-- DATASET EXCERPT --
╭──

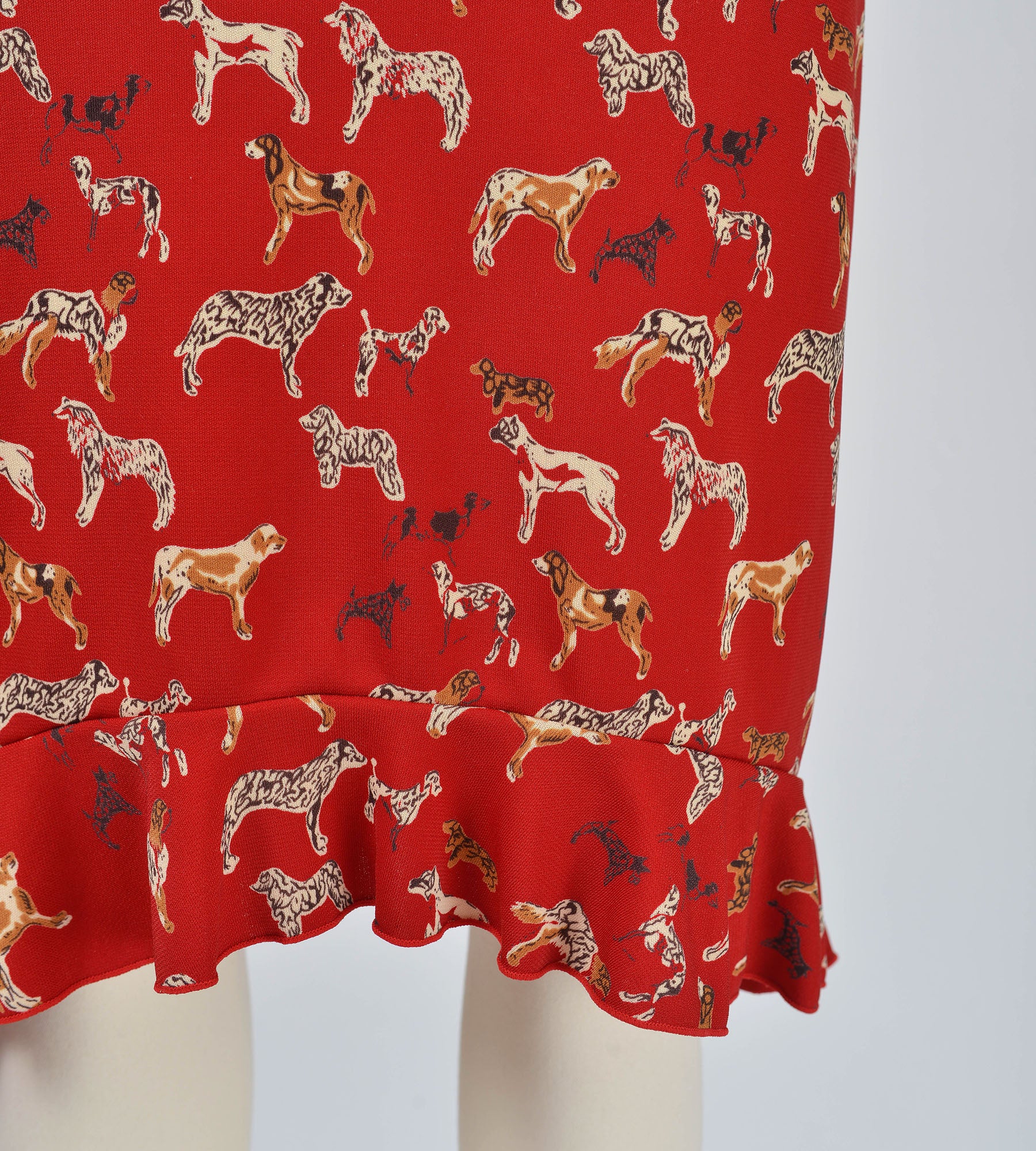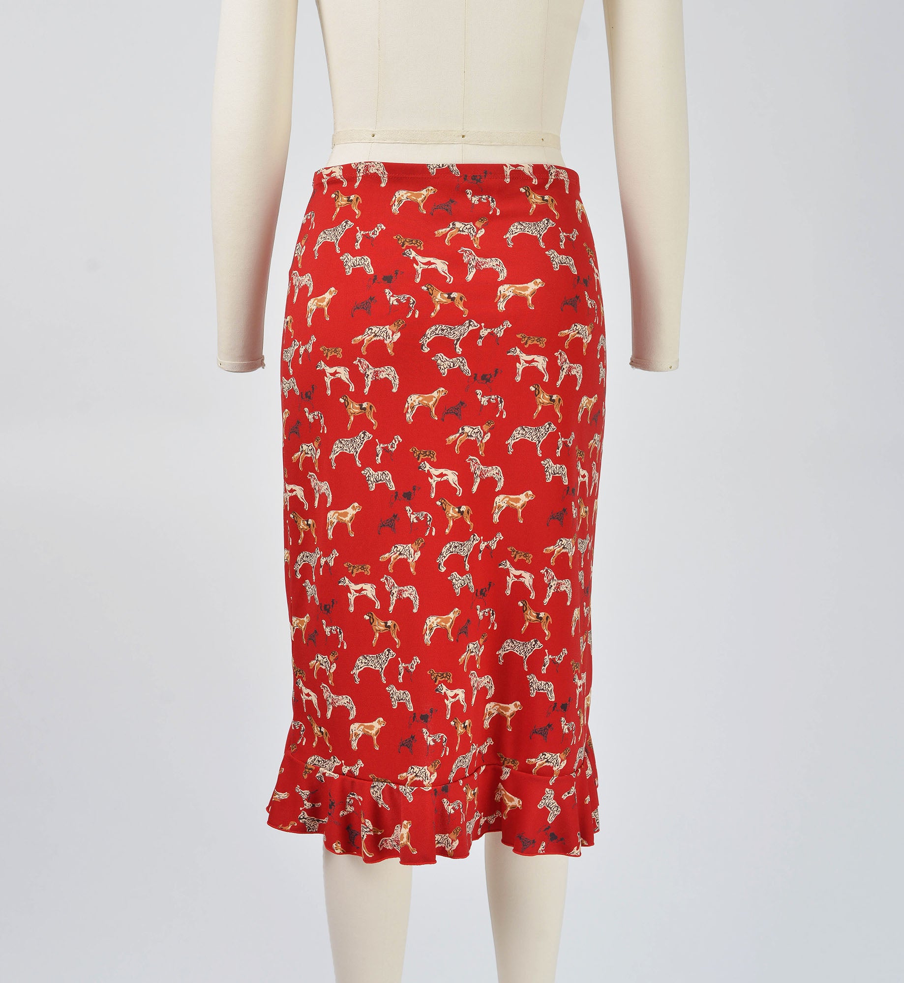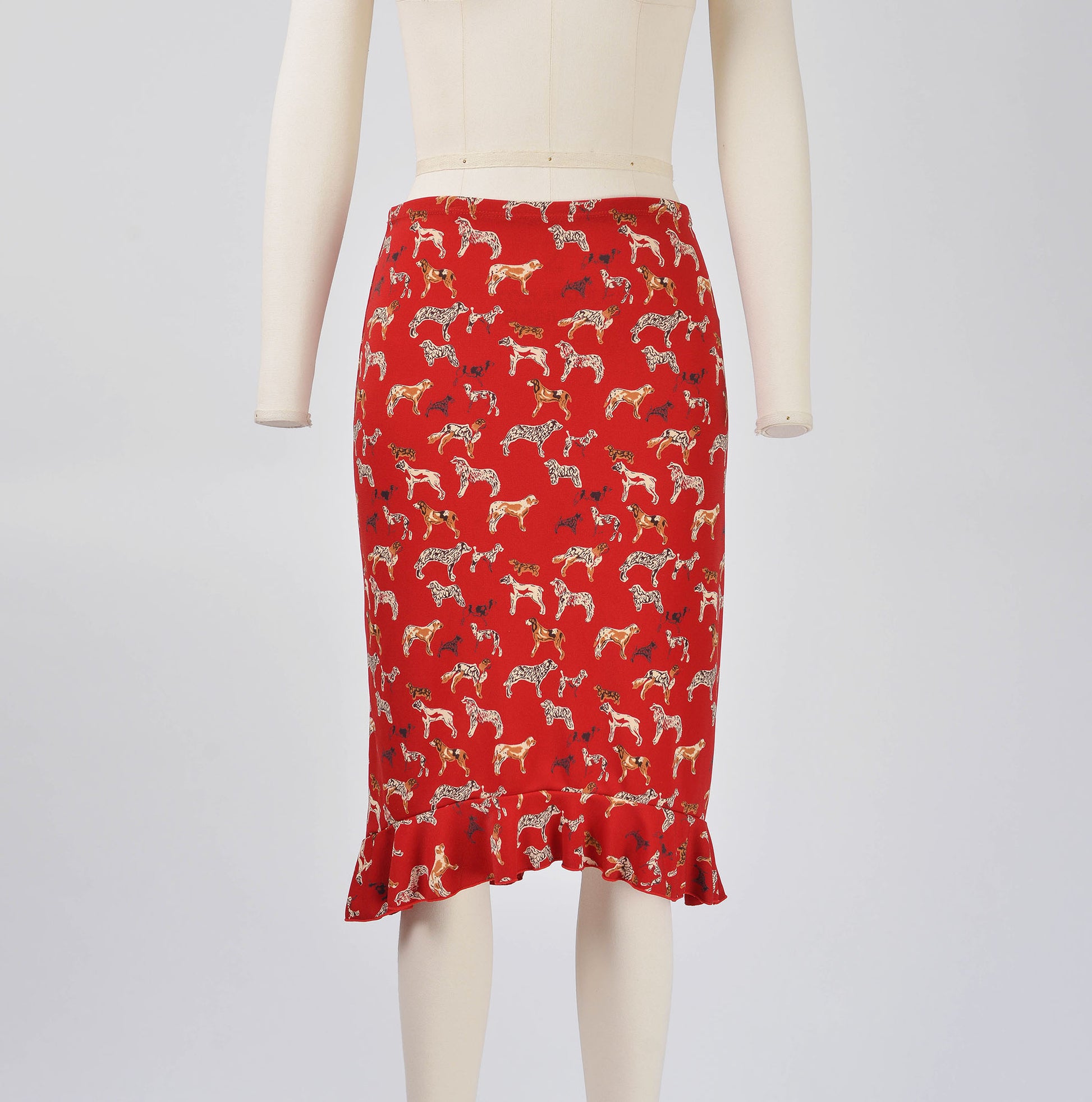 Vintage 90s Y2K Esprit Red Cute Dog Print Stretchy Knit Skirt with Ruffle Hem size XS
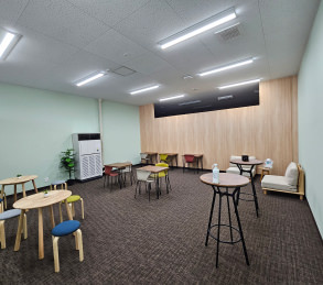 設計開発オフィスにある休憩スペースです。若手従業員を中心としたプロジェクトメンバーが意見を出し合い、企画の立案から施工まで積極的にリードして完成しました。仕事中にホッと一息つける空間です。
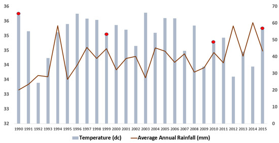 Average annual rainfall amounts and mean temperature over the study area (circled red are corresponding years analysed with remote sensing data). Data Source: Nigerian Meteorological Agency (NIMET).
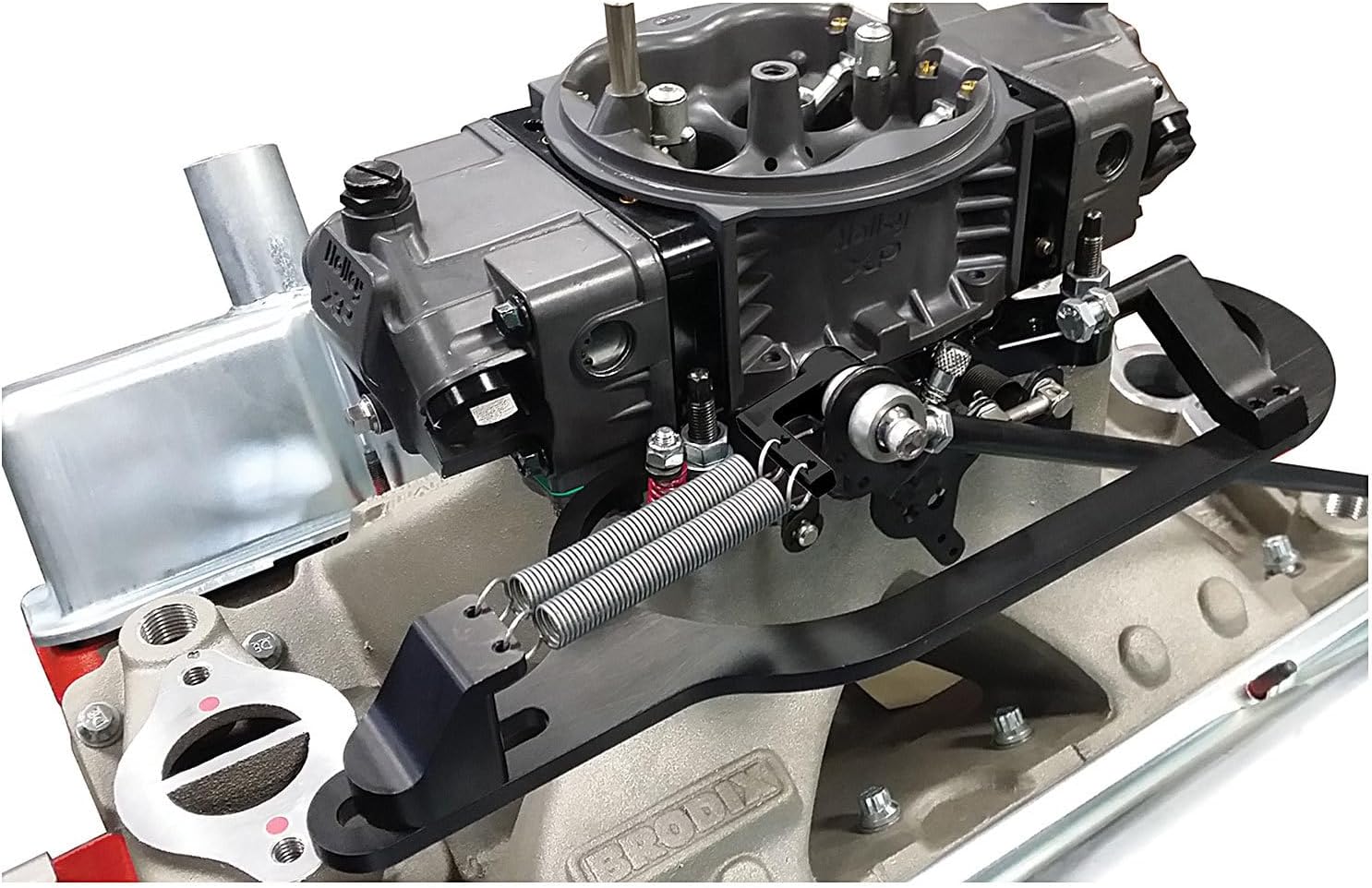 Black anodized aluminum bracket fastens to the carburetor mounting studs and features a larger opening specifically designed for use with mechanical linkage found on many circle track cars. The larger opening allows throttle linkage to be routed from underneath to help prevent clearance or interference issues. Dual return springs are connected to a universal return spring bracket to work with most carburetors. Brackets include a built-in adjustable throttle stop to help prevent damage to carburetor.

╰──

-- DIRECTIONS --
Output the data above exactly; pictures do not belong in the copy.

-- FINISHED EXERCISE --
 Vintage 90s Y2K Esprit Red Cute Dog Print Stretchy Knit Skirt with Ruffle Hem size XS
 設計開発オフィスにある休憩スペースです。若手従業員を中心としたプロジェクトメンバーが意見を出し合い、企画の立案から施工まで積極的にリードして完成しました。仕事中にホッと一息つける空間です。
 Average annual rainfall amounts and mean temperature over the study area (circled red are corresponding years analysed with remote sensing data). Data Source: Nigerian Meteorological Agency (NIMET).
 Black anodized aluminum bracket fastens to the carburetor mounting studs and features a larger opening specifically designed for use with mechanical linkage found on many circle track cars. The larger opening allows throttle linkage to be routed from underneath to help prevent clearance or interference issues. Dual return springs are connected to a universal return spring bracket to work with most carburetors. Brackets include a built-in adjustable throttle stop to help prevent damage to carburetor.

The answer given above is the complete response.